● **Problem**
Only the lines below from the one containing "PETIT LEM GreenβWhite" through the one containing "金石之誓:占格数4、信仰25、使用次数3" belong in the answer, repeated exactly and without pictures.

--- Data provided Enclosed Below ---

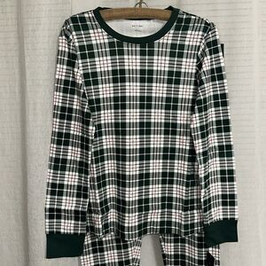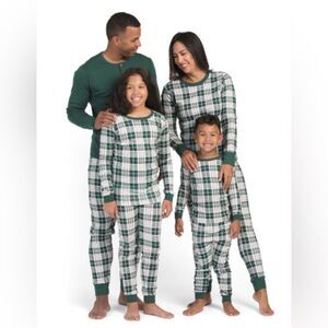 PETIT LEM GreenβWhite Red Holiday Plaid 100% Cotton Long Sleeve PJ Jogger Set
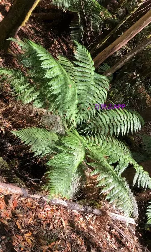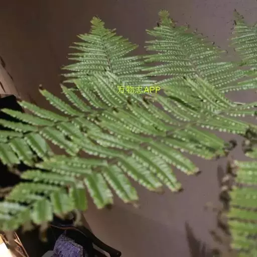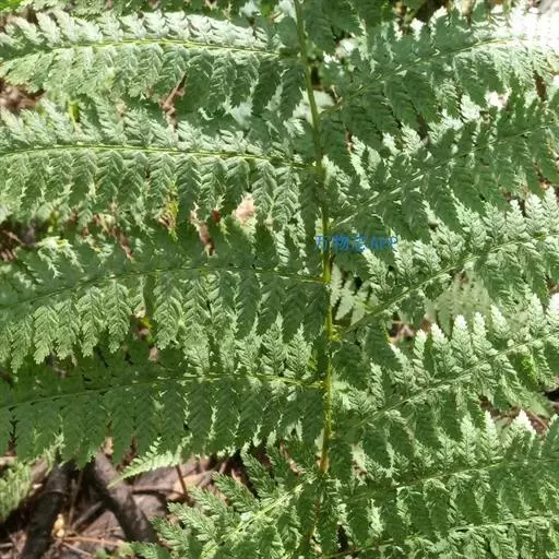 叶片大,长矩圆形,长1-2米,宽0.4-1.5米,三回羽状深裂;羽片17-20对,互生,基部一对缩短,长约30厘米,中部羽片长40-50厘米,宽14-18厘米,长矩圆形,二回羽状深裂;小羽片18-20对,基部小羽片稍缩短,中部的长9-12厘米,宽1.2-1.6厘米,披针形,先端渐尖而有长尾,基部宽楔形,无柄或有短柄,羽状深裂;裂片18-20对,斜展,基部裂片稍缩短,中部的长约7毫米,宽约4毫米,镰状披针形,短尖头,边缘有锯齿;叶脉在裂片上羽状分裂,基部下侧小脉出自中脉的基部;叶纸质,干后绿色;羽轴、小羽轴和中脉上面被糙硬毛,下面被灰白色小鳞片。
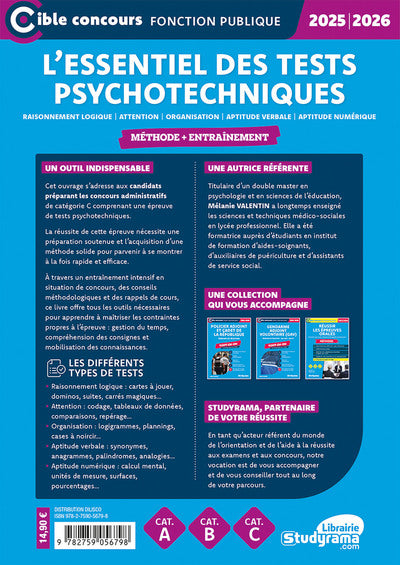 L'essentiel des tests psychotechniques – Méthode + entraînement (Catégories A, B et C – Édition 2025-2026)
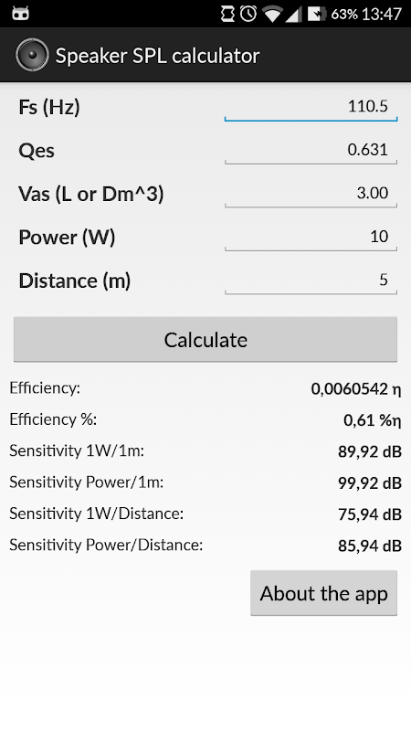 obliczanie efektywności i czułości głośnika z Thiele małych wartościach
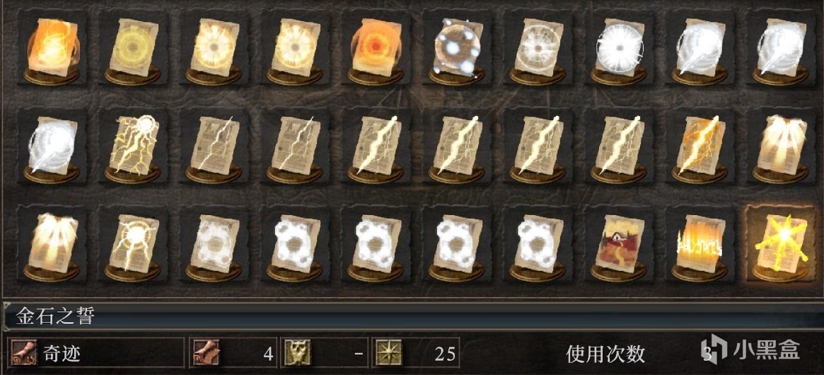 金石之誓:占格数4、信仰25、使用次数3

--- End of Enclosed Data provided ---
--- Data provided Enclosed Below ---

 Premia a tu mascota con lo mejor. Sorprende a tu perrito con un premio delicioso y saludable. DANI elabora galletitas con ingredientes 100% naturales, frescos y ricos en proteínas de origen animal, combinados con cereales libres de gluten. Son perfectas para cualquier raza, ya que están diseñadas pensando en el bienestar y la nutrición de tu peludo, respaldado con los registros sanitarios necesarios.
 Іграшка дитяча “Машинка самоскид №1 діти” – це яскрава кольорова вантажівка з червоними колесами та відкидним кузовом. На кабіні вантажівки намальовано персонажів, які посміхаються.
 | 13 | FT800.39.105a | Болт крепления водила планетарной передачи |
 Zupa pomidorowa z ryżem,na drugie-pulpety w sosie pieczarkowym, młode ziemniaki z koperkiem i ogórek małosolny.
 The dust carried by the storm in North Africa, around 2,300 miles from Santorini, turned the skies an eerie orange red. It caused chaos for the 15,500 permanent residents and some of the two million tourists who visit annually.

--- End of Enclosed Data provided ---
--- Data provided Enclosed Below ---

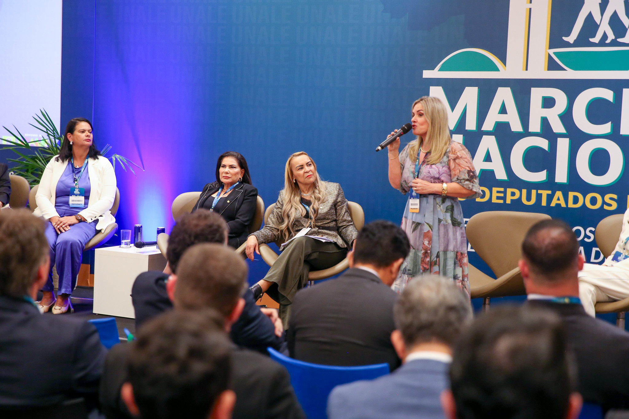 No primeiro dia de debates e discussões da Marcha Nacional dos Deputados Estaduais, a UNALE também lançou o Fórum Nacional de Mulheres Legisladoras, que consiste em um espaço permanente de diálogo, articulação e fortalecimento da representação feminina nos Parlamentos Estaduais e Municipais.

--- End of Enclosed Data provided ---

● **Solution to the exercise**
 PETIT LEM GreenβWhite Red Holiday Plaid 100% Cotton Long Sleeve PJ Jogger Set
 叶片大,长矩圆形,长1-2米,宽0.4-1.5米,三回羽状深裂;羽片17-20对,互生,基部一对缩短,长约30厘米,中部羽片长40-50厘米,宽14-18厘米,长矩圆形,二回羽状深裂;小羽片18-20对,基部小羽片稍缩短,中部的长9-12厘米,宽1.2-1.6厘米,披针形,先端渐尖而有长尾,基部宽楔形,无柄或有短柄,羽状深裂;裂片18-20对,斜展,基部裂片稍缩短,中部的长约7毫米,宽约4毫米,镰状披针形,短尖头,边缘有锯齿;叶脉在裂片上羽状分裂,基部下侧小脉出自中脉的基部;叶纸质,干后绿色;羽轴、小羽轴和中脉上面被糙硬毛,下面被灰白色小鳞片。
 L'essentiel des tests psychotechniques – Méthode + entraînement (Catégories A, B et C – Édition 2025-2026)
 obliczanie efektywności i czułości głośnika z Thiele małych wartościach
 金石之誓:占格数4、信仰25、使用次数3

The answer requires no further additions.